It may be safest to opt for soaps with natural ingredients or that list all their ingredients, so you know what you’re getting. In this case, bland is better. Avoid products with dyes and fragrances, and stick with simple, unscented cleansers.

Tips To Protect Yourself From Infection and Skin Irritation

Proper handwashing is one of the best ways to prevent the spread of germs that can cause infections and diseases. However, as you probably know, frequent hand-washing with a skin condition like eczema can increase the risk of flare-ups and cause your skin to become dry, cracked, itchy, and painful.

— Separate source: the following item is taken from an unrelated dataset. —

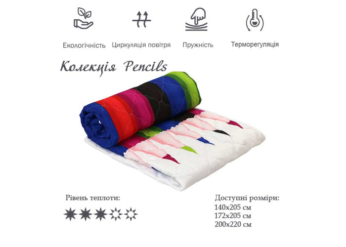 Вовняна ковдра "ШК_Pencils" ТМ Руно - це демісезонна ковдра, чохол виконаний з набивного сатину з яскравим дизайнерським малюнком кольорових олівців. В якості наповнювача використовується натуральна овеча вовна, що дозволяє підтримувати оптимальну температуру під час сну. Таку ковдру можна використовувати замість покривала, так як її барвистий малюнок не хочеться ховати в підковдру. Ковдра виготовляться в різних розмірах півтороспальному, двоспальний, та євро, також в комплект ми рекомендуємо придбати декоративні подушки з дизайном кольорових олівців. Ваша кімната заграє яскравими фарбами з ТМ Руно. Ковдра 140х205 вовняна "Pencils" — це якісний текстиль для комфортного та здорового сну. Виріб виготовлений з , що забезпечує м’якість, зносостійкість та довгий термін служби. Наповнювач добре утримує тепло, пропускає повітря та підходить для щоденного використання. Розмір ідеально підходить для Ковдри. Продукція бренду Руно відповідає сучасним стандартам якості та безпеки. Ковдра 140х205 вовняна "Pencils" легко доглядати, підходить для дому, квартири або подарунка. Замовляйте Ковдра 140х205 вовняна "Pencils" в інтернет-магазині Green-Farm з доставкою по всій Україні, швидкий зв'язок у Вайбер +380661920048
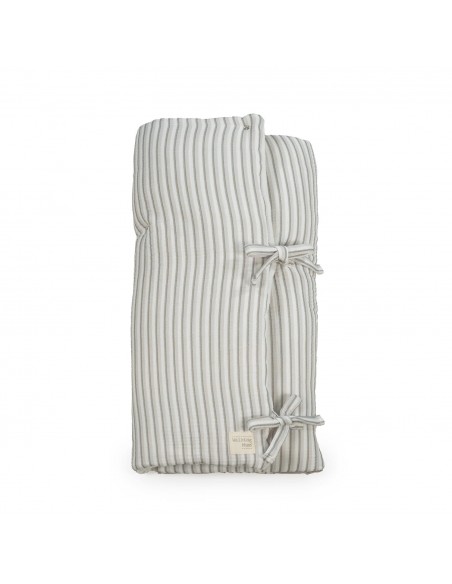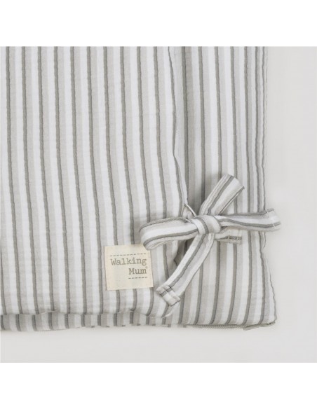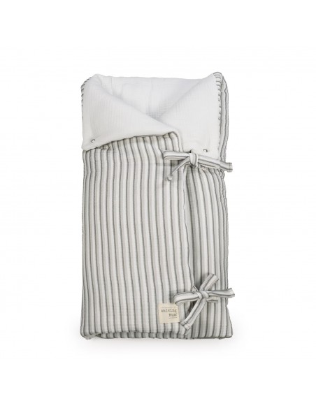 Saco arrullo o saco manta Botton con estampado de rayas. Está fabricado con una suave muselina 100% algodón. Ideal para los primeros dias del bebé. Es perfecto para los primeros paseos en el capazo. Se convierte en una manta para la cuna. Practico cierre tipo sobre con lazos y cierre con cremallera en la parte inferior en los pies para que el bebé esté abrigado. Gran calidad y mucho estilo. Fabricado en materiales resistentes y de fácil limpieza a mano o a máquina a 30 °C.

The following tips from the Asthma and Allergy Foundation of America can help you maintain healthy skin while protecting you and your loved ones from infection.

Wash, Don’t Sanitize

Increased contact with alcohol contained in hand sanitizers can irritate the skin. Hand-washing with a gentle cleanser, when possible, is the better alternative.

Pat Dry

After washing your hands, pat them dry with a disposable towel or tissue. Rubbing your hands can cause irritation.

Moisturize After Each Wash

After drying, apply a generous amount of moisturizer all over your hands and fingers. Do this every time you wash your hands. Carry your moisturizer when going out so you can always use it immediately after washing up.

Carry Your Own Soap

If you worry that the harsh soaps used in public places aren’t suitable for your hands, it may be a good idea to carry travel-size bottles of soap too. Make sure to keep these soap and moisturizer containers clean to avoid spreading germs.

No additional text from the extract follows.